В коридоре послышался короткий смешок. «Затих, голубчик, намаялся», — послышался чей-то голос.

Дверь осторожно отворилась. Унтер нес на вытянутых руках тарелку и кружку. Лицо его выражало усердие, а правое веко дергалось, будто в глаз что-то попало.

Дверной проем закрыла квадратная фигура Соколова. Смотритель кашлянул, почесал бороду и заговорил рассудительно:

— Ежели ты тихо, то и я злобы не держу, врача завтра вызову. Ежели притворяешься…

Сны Шлиссельбургской крепости. Повесть об Ипполите Мышкине i_007.jpg
Унтер приблизился к столу, поставил тарелку, и тут в лице его что-то изменилось. Почуяв неладное, он заморгал, в глазах мелькнула мольба, рот скривился, точно унтер собирался заплакать. Мышкин схватил тарелку и швырнул тяжелую медь в рыжее пятно, взвизгнувшее в дверях.

В это мгновение он чувствовал себя счастливым.

6

Он лежал в смирительной рубашке, связанный по рукам и ногам, и все его тело было сплошной ноющей раной. На распухших губах он ощущал соленый привкус, один глаз затек, живот как будто раздавили колесом…

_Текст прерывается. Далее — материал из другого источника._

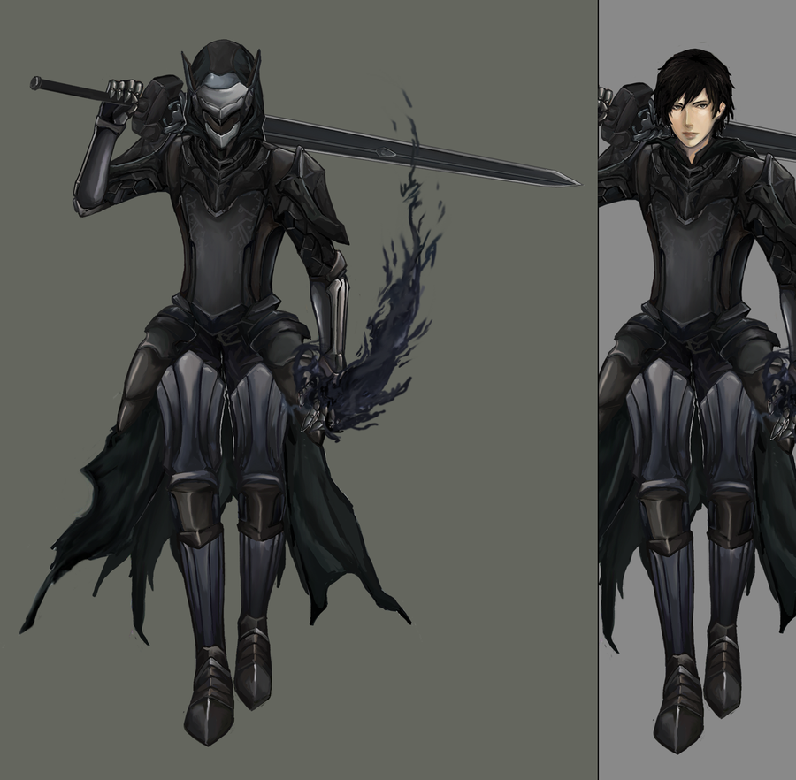 Description: A character in a black outfit with a sword and a demon on his back.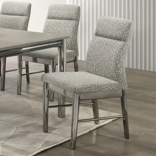 The Lennox Upholstered Side Chair, sold as a set of two, brings together exceptional craftsmanship, sophisticated design, and unmatched comfort to elevate your dining experience. Expertly crafted from premium solid Rubberwood and genuine Ash wood veneers, these chairs ensure long-lasting durability while maintaining a refined and elegant look. The sleek design features rounded legs and seat frames with a metallic silver finish that perfectly complements the soft neutral tones of the pale gray fabric. Upholstered in luxurious boucle fabric, these chairs offer a plush, textured elegance that provides both high-end comfort and a warm, inviting charm. Ideal for both everyday dining and special occasions, the Lennox Side Chairs are a perfect blend of style and practicality.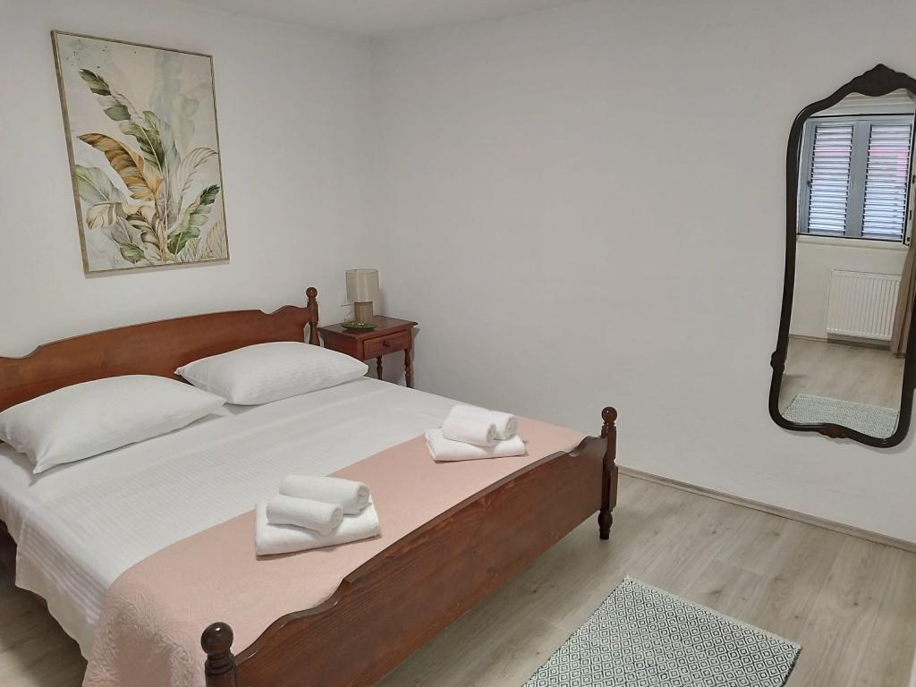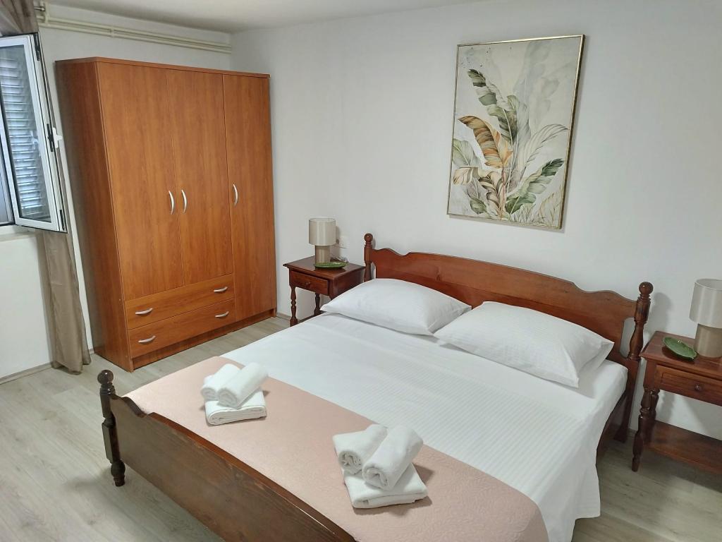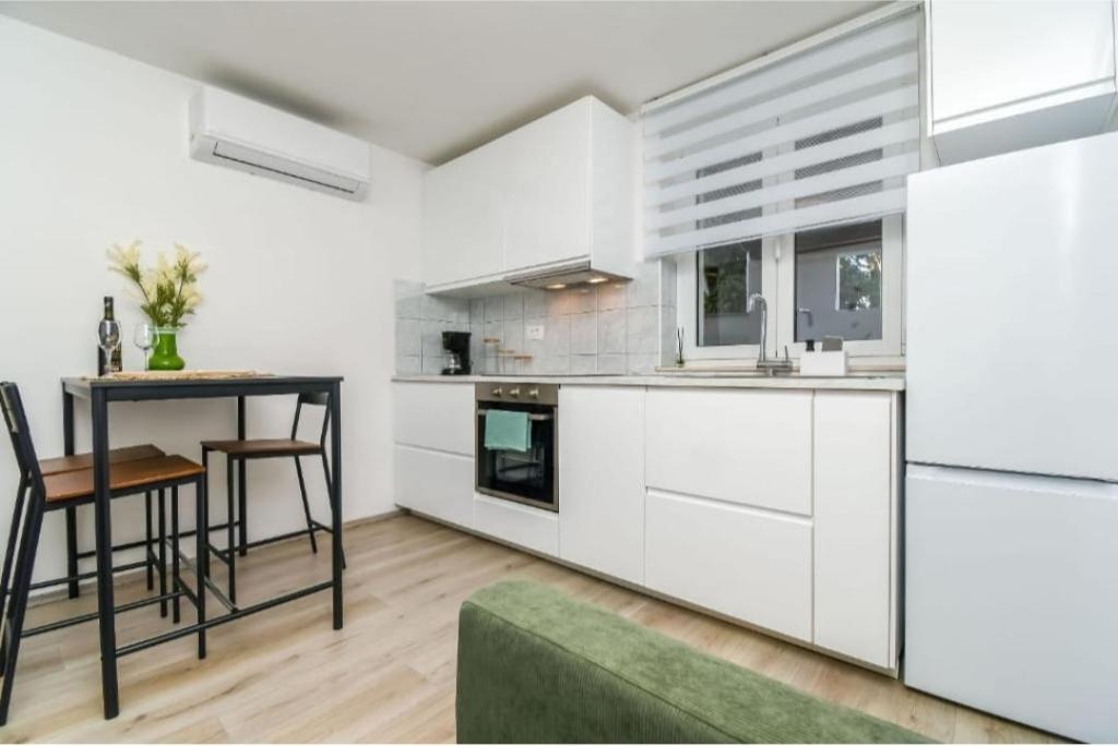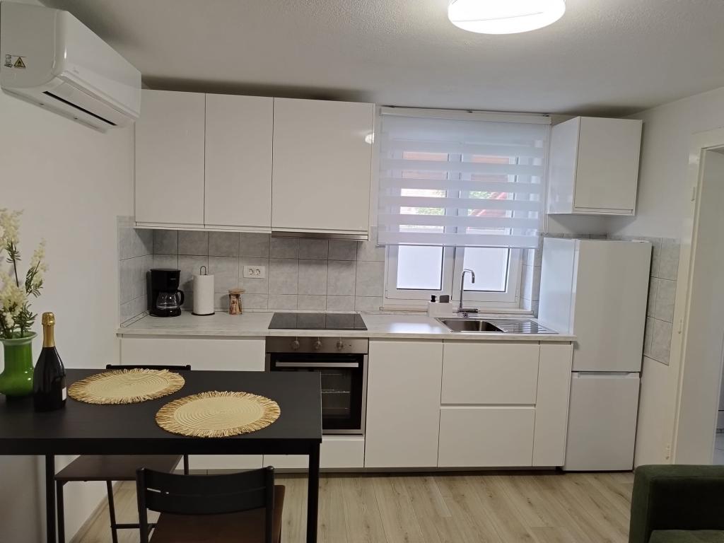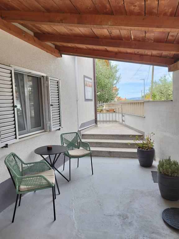 Dobrodošli v apartmaju Žunta. Apartma se nahaja le 5 minut hoje od zgodovinskega središča Trogirja, ki je pod zaščito Unesca. Apartma ima popolnoma opremljeno kuhinjo s pomivalnim strojem in aparatom za kavo. Kopalnico s tušem in sušilcem za lase ter ločeno prostorno spalnico z zakonsko posteljo. Pred apartmajem je terasa za sprostitev z gugalnico. Apartma je del zasebne hiše in ima ločen vhod. Nahajamo se na zelo dobri lokaciji zaradi mirne soseske, poleg tega pa smo zelo blizu mestnega središča, znamenitosti, supermarketov, letališč in plaž, ki jih je veliko v bližini. Namestitev ponuja brezplačno zasebno parkirišče, brezplačen WiFi v celotni nastanitvi in ogrevanje/hlajenje s klimatsko napravo. Apartma je registriran samo za dve osebi.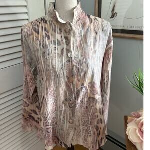 MECHANT Womens Tunic MEDIUM Beige Crinkle Faux Suede Print Artsy Bohemian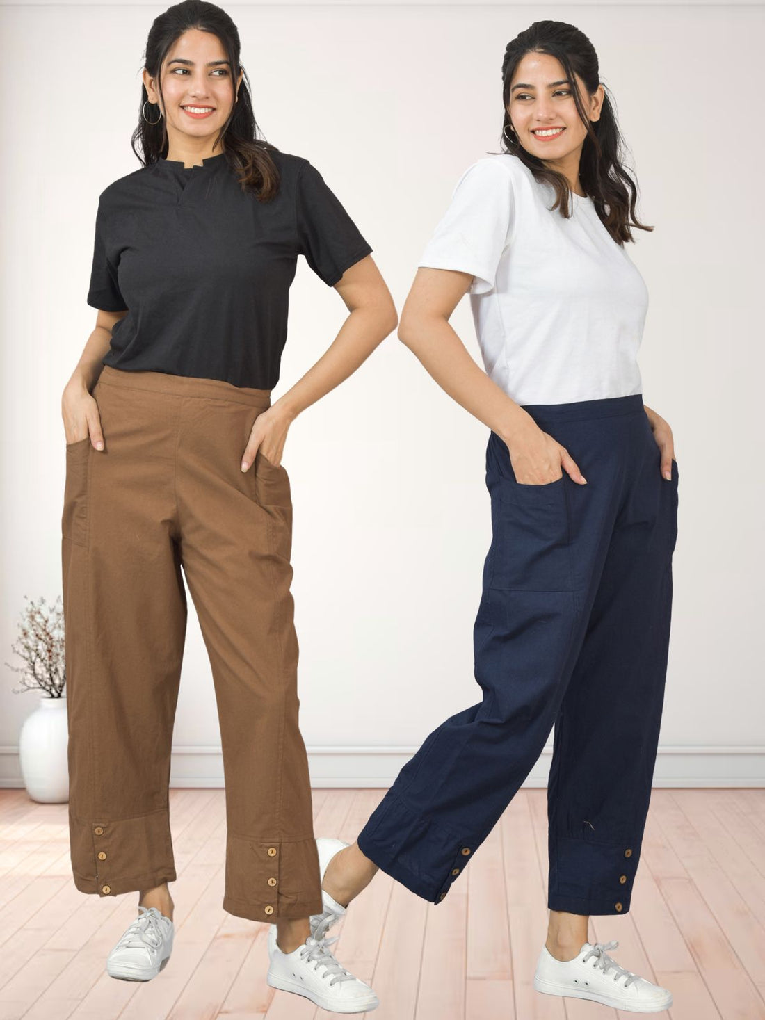 Combo Pack Of Womens Brown And Navy Blue Side Pocket Straight Cargo Pants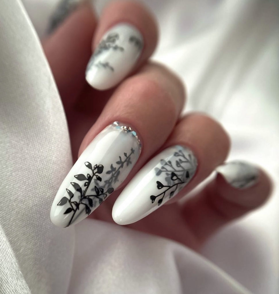 Неоспоримая всесезонная классика — белый маникюр. Это чистота, женственность и так по-зимнему. Если не хотите делать плотный белый, отдайте предпочтение молочному лаку. Такая база смотрится очень по-зимнему, а для маникюра можно выбрать практически любой вариант дизайна.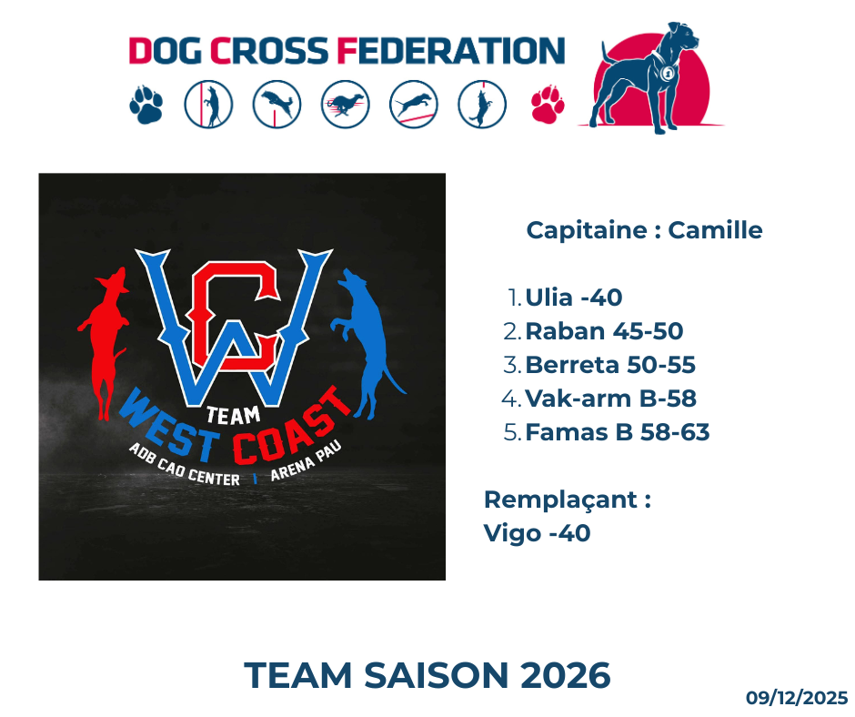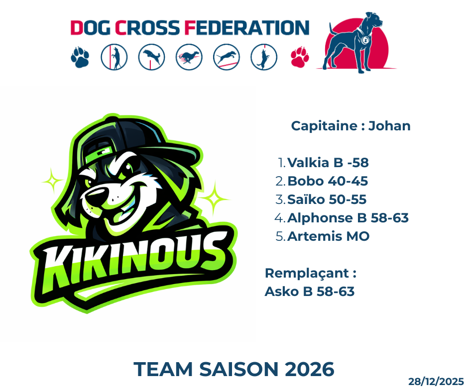 Team 2026 Voici les teams déclarées, c’est le mail qui fait foiPour la déclaration mail a envoyé à secretairedcf@gmail.com avec le logo pour la prise en compte.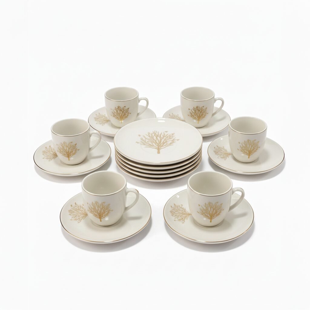 طقم فناجين ٦ قطع ابيض٠ وذهبي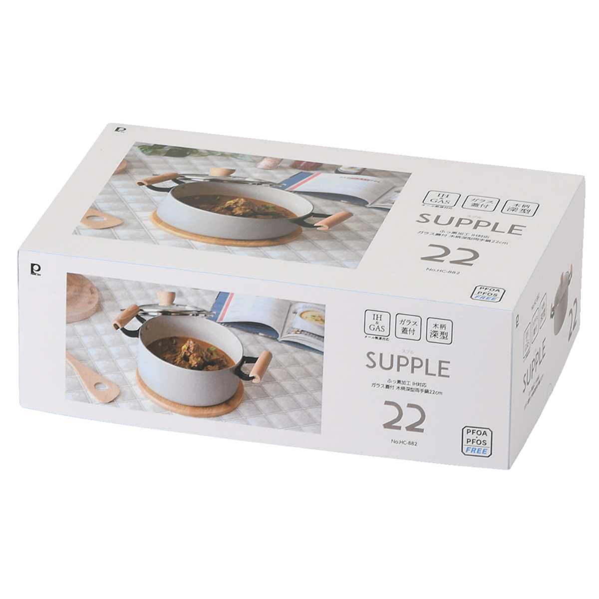 | 材質 | 本体:アルミニウム合金 内面:ふっ素樹脂塗膜加工 外面:焼付け塗装 はり底:ステンレス鋼(クロム16%) 取っ手:天然木 蓋:強化ガラス(全面物理強化) 縁リング:ステンレス鋼 つまみ:天然木 |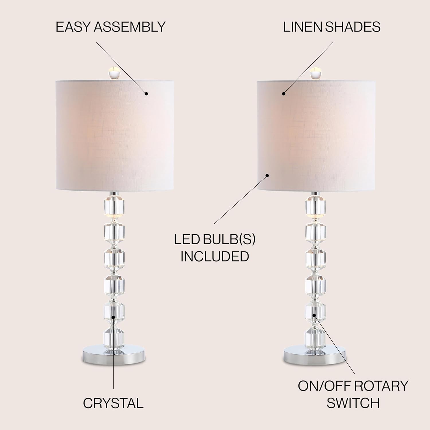 JONATHAN Y JYL5053A-SET2 Set of 2 Table Lamps Cary 27.5" Modern Stacked Crystal/Metal LED Table Lamp Glam,Modern for Bedroom, Living Room, Office, College Dorm, Coffee Table, Chrome/Clear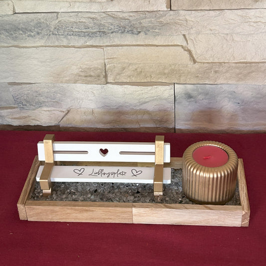 Deko Bank "Lieblingsplatz" mit Teelichthalter – Edles Design, Naturholz & Gold – Romantische Deko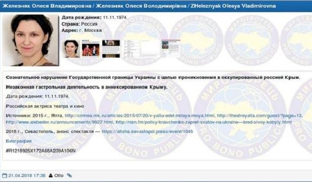 Как отмечается на сайте, причиной стало незаконное пересечение границы Крыма - через Россию и в обход украинского законодательства.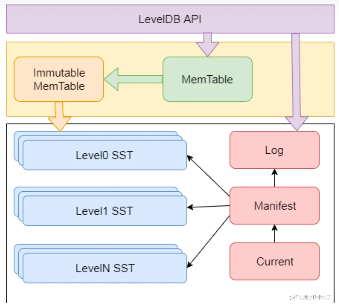 SST文件::磁盘数据存储文件,分为Level 0到Level N多层,每一层包含多个SST文件;单层SST文件总量随层次增加成倍增长。SST文件本身是不可被修改的,这是Level-DB 设计哲学的一环,通过追加的和定期合并文件的方式实现了“删除”的操作,同时在读取的时候通过特殊的标记来判断更新还是删除操作,借此保证获取到最新的数据,这些内容在源代码中都能很好的发现,在后续的文章中会详细的解释,这里只需要有个大概的概念即可。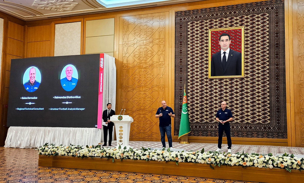 В Ашхабаде с рабочим визитом находятся международные эксперты FIFA — Гайоз Дарсадзе (Грузия) и Раймондас Статкевичюс (Литва). Цель визита — проведение обучающих семинаров для специалистов Федерации футбола Туркменистана (ФФТ) и разработка текущей стратегии развития этого массового вида спорта в стране.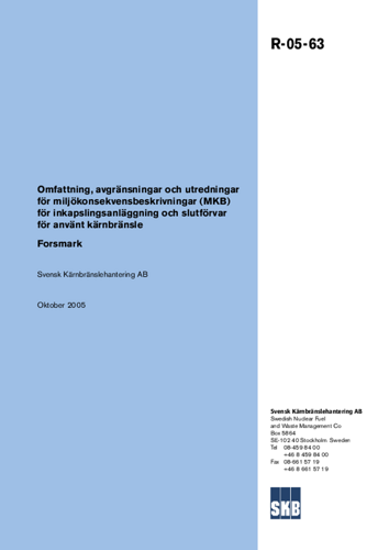 Omfattning, avgränsningar och utredningar för miljökonsekvensbeskrivningar (MKB) för inkapslingsanläggning och slutförvar för använt kärnbränsle. Forsmark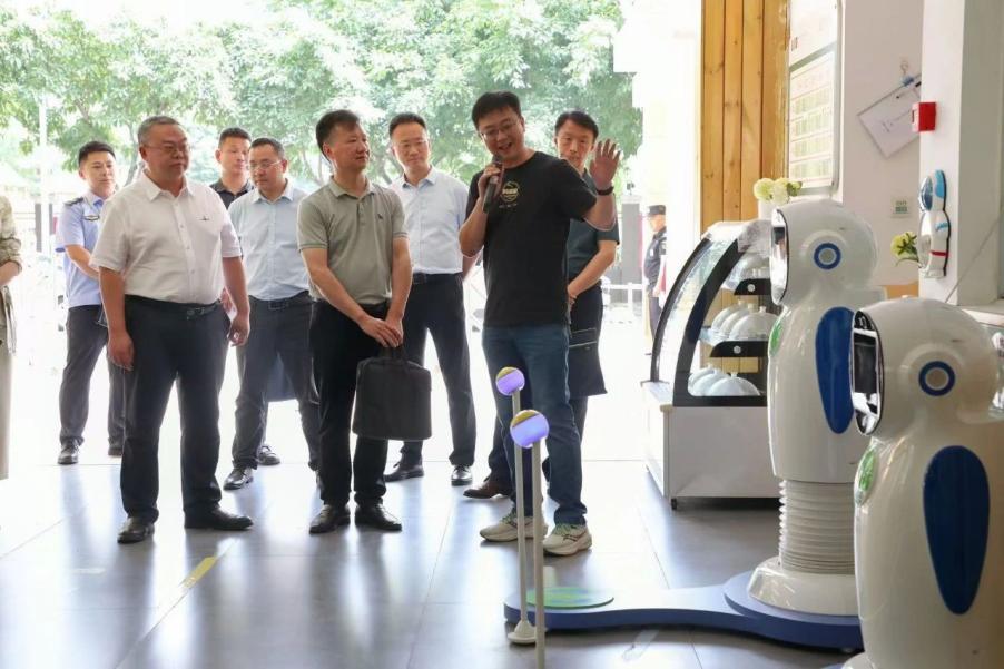 党支部副书记、副园长、食品安全总监简堂永讲解幼儿园的智慧系统,晨检机器人“小诺”每日精准采集幼儿身高、体重、体温等数据,同步传输至营养分析系统,自动生成个性化配餐方案。

Он помнил, как его били сапогами, долго, жестоко; он помнил, как кричал: «Зачем бьете? Расстреляйте, по не бейте!» Возможно, ему почудилось, что вся тюрьма огласилась воплями заключенных, грохотом ударов в запертые двери. Во всяком случае, какой-то посторонний шум заставил жандармов прекратить избиение. Мышкина скрутили, завязали и бросили на койку.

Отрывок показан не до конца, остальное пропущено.